One day I will never forget was the day of my Hampden baptism, which took place on May 2, 1972.

Scotland was playing England in the old home internationals and I will never forget how the whole of the south side of Glasgow reverberated to the Hampden roar. It was a great day, only slightly marred by Alan Ball coming from nowhere to score the only goal and win the game for England.

The Scottish international football team unites the nation like nothing else in our country. Our job as football-supporting legislators must be to do absolutely nothing that would threaten this, even inadvertently. At all times the precautionary principle must be deployed.
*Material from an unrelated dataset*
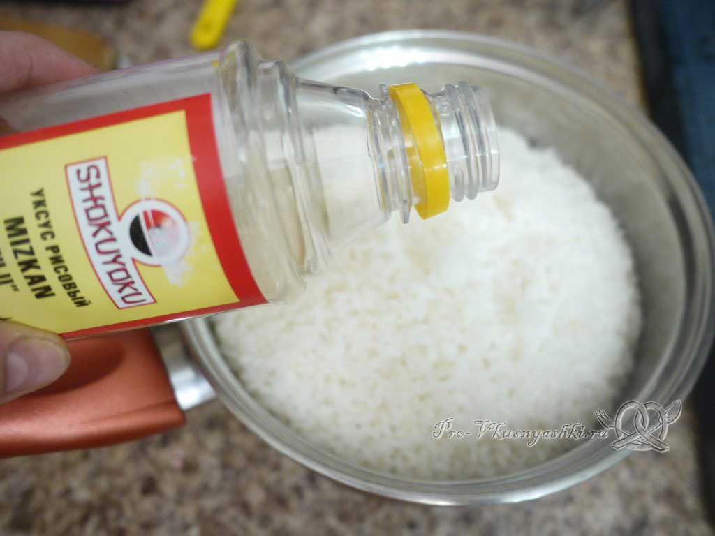 При покупке рисового уксуса обратите внимание на состав, чаще всего в него уже добавлены соль и сахар, тогда его сразу можно добавлять в отварной рис. Если сыпучих ингредиентов нет в составе, их нужно добавить (на 50 мл рисового уксуса, 30 г сахара, 10 г соли) и подогреть смесь до их растворения.
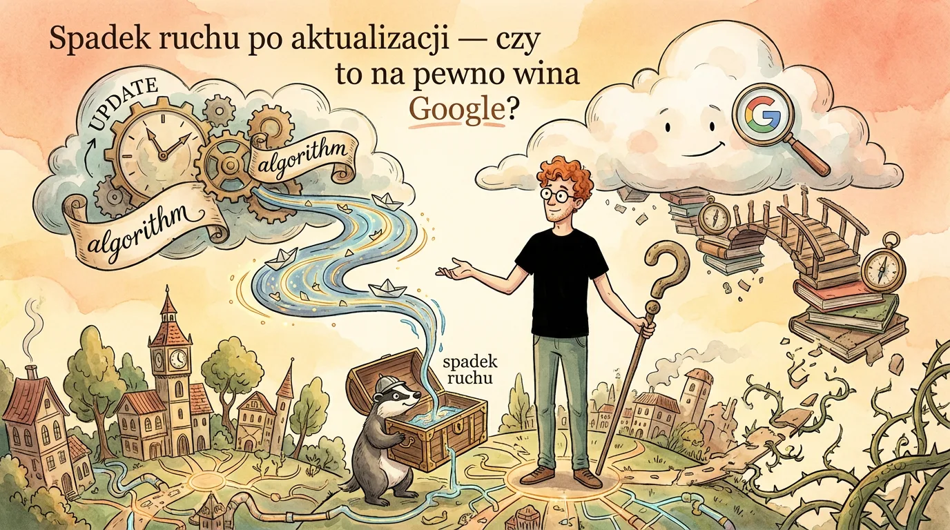 Spadek ruchu po aktualizacji to diagnoza, nie wyrok od Google. Sama zbieżność dat potrafi zwieść, bo w tym samym czasie mogły wejść zmiany w serwisie, analityce albo nawet w układzie wyników wyszukiwania. Największy grzech. Patrzenie na jeden wykres dla całej domeny i wyciąganie z niego „prawdy objawionej”. Najpierw trzeba ustalić, czy naprawdę spadło SEO, czy tylko pomiar, indeksacja, CTR albo popyt na zapytania. Dobra diagnoza bez litości pokazuje, które segmenty ucierpiały, od kiedy, na jakich URL-ach i z jakiego powodu. Dopiero wtedy da się sensownie zdecydować, co naprawiać, co monitorować i czego nie ruszać bez twardych dowodów.

We have to give no hint of a precedent that may be used against us in the future.

We must give absolutely no excuse to those envious and unhappy about our separate status as a national football side, and we must give no comfort to those who already complain about our generous arrangements in the UK.

In proposing a 'Team GB' football team for the 2012 Olympics, the government is doing the exact opposite. They are setting a precedent and they are giving the excuse to others to question our separate arrangements. They should simply just stop.

I can imagine a future FIFA board, under pressure from emerging nations, asking why it is possible for the teams of the UK to merge for the Olympics but not for the World Cup?

Proponents of a 'Team GB' say that there are assurances from FIFA that any arrangement for the Olympics would not affect our independent standing. That is only binding, however, on this current FIFA board, not the next, or the one after that.

Sepp Blatter, current FIFA president, also recently candidly admitted that any Team GB would, of course, "jeopardise" our separate standings.

Football is not a big deal in the Olympics, it is contested by only under-23s, it does not involve the current stars and is a bit of a side show in the Olympics.

Why should we undermine our independent status for an almost 'non-competition' which is next to meaningless in international football?

If the UK wants football participation in London, then let all the home nations compete. This is what happened in London in 1908.

This is surely the sensible way forward that would do nothing to threaten our teams. Its time for the government to get on the right side on this issue.